● **Prompt**
All lines in the records below from the line with "I’m terrified of" through the line with "Откройте персональный счет" are to be given again exactly, both ends included; the pictures are to be left out.

● **Provided material**

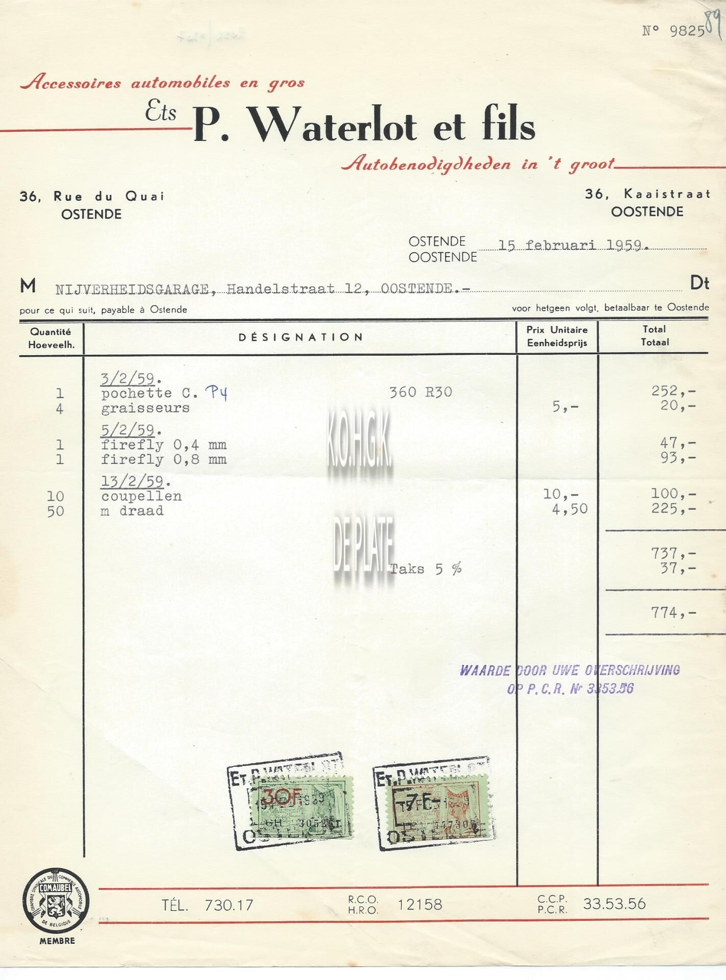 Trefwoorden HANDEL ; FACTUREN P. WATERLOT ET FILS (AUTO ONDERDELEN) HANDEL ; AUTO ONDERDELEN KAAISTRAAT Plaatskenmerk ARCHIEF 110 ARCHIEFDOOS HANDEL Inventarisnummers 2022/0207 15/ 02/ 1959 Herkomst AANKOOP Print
...
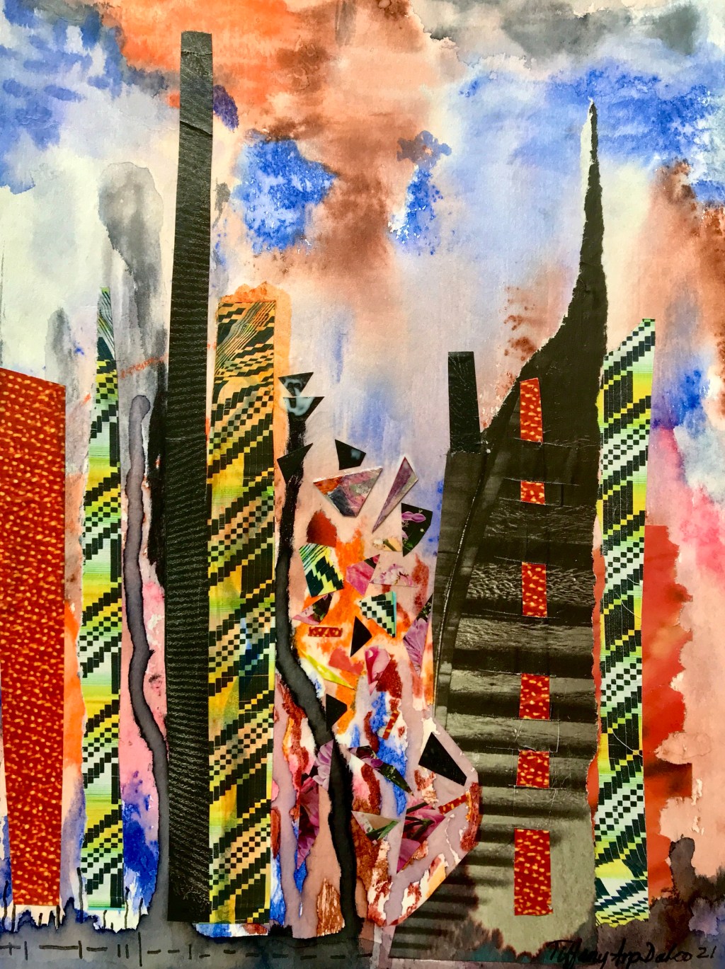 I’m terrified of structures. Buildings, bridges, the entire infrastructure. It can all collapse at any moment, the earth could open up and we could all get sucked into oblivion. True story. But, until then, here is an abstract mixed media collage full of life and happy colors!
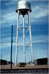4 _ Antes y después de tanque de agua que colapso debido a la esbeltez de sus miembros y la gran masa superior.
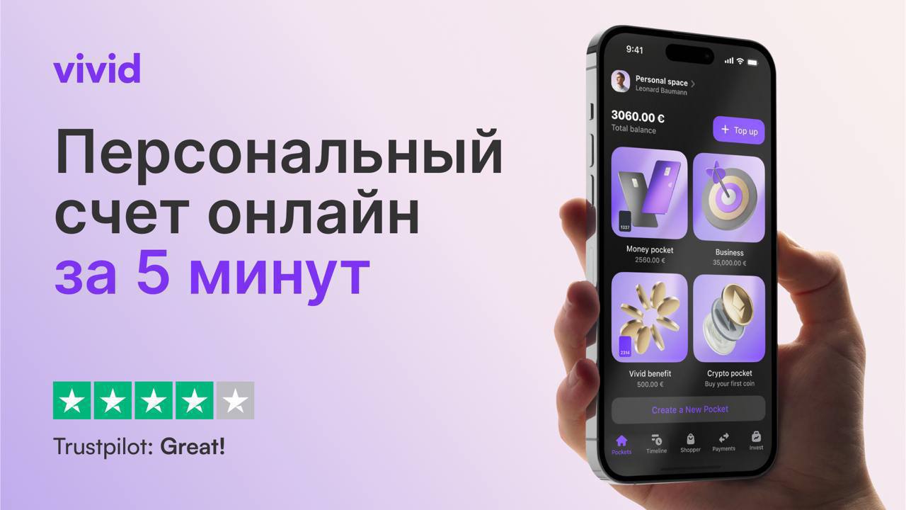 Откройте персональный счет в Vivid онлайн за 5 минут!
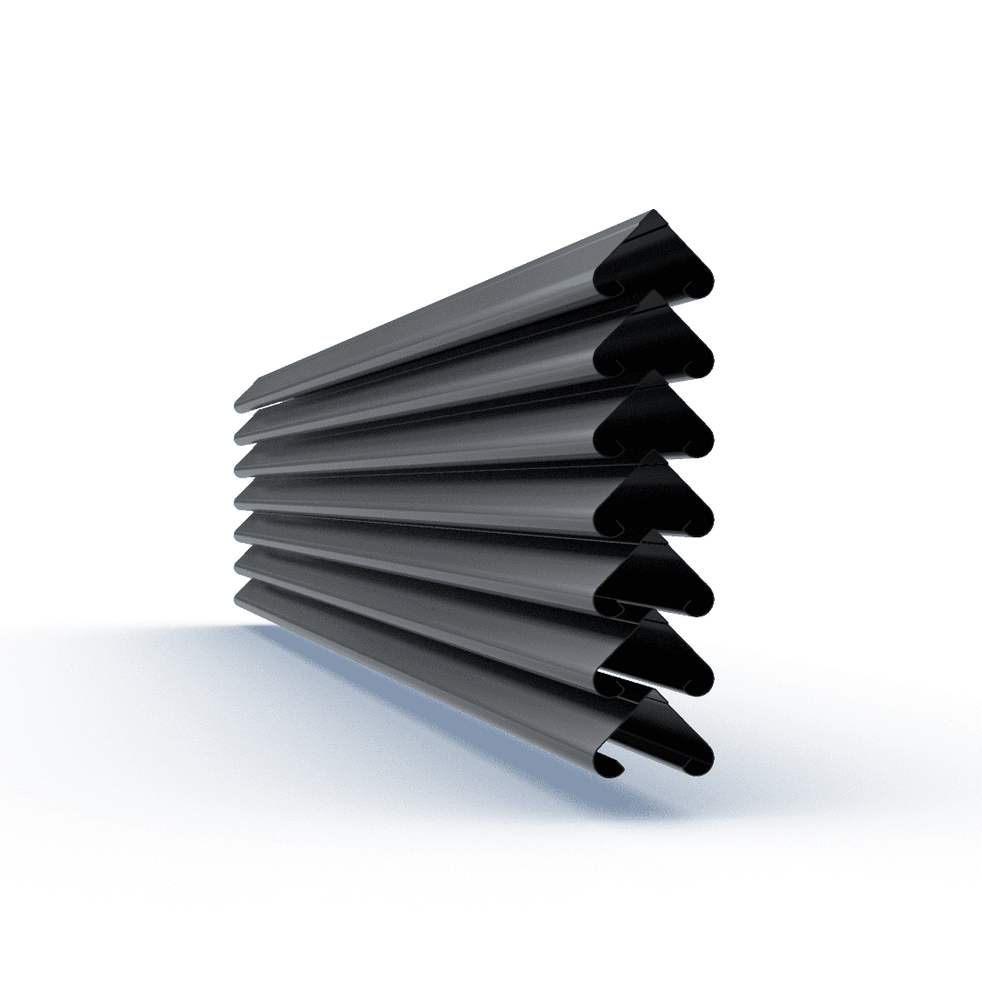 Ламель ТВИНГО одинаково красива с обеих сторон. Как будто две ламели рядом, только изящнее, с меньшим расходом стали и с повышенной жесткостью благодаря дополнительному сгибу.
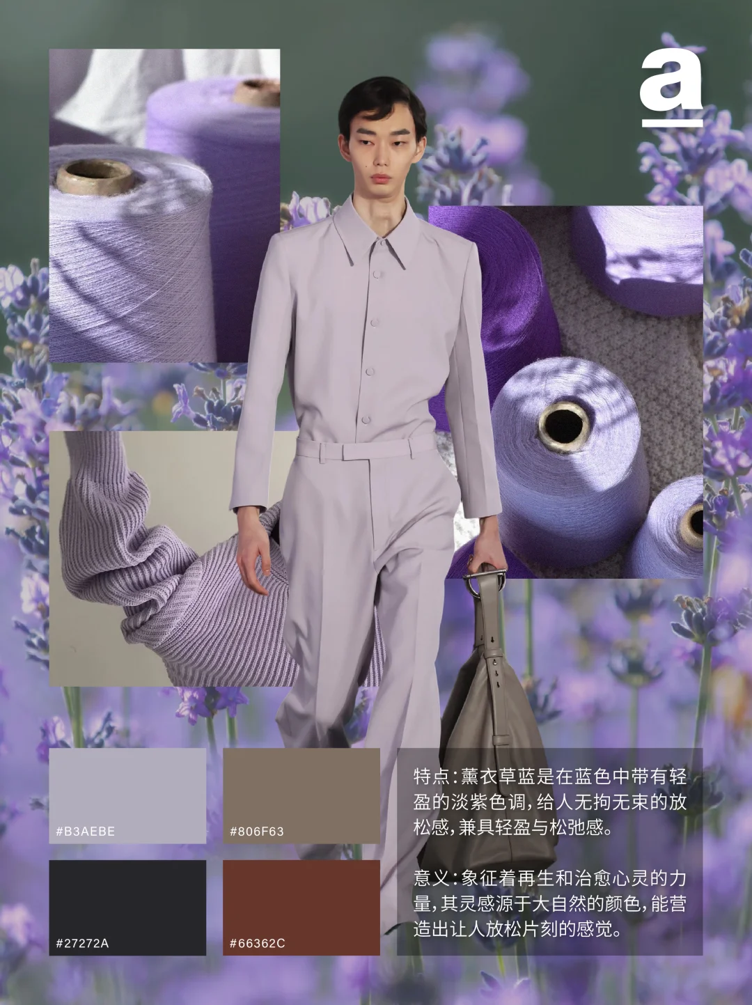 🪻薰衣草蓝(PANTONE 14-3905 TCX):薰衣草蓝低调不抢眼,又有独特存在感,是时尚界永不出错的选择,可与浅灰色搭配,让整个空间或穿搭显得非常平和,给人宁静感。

● **Solved exercise**
 I’m terrified of structures. Buildings, bridges, the entire infrastructure. It can all collapse at any moment, the earth could open up and we could all get sucked into oblivion. True story. But, until then, here is an abstract mixed media collage full of life and happy colors!
4 _ Antes y después de tanque de agua que colapso debido a la esbeltez de sus miembros y la gran masa superior.
 Откройте персональный счет в Vivid онлайн за 5 минут!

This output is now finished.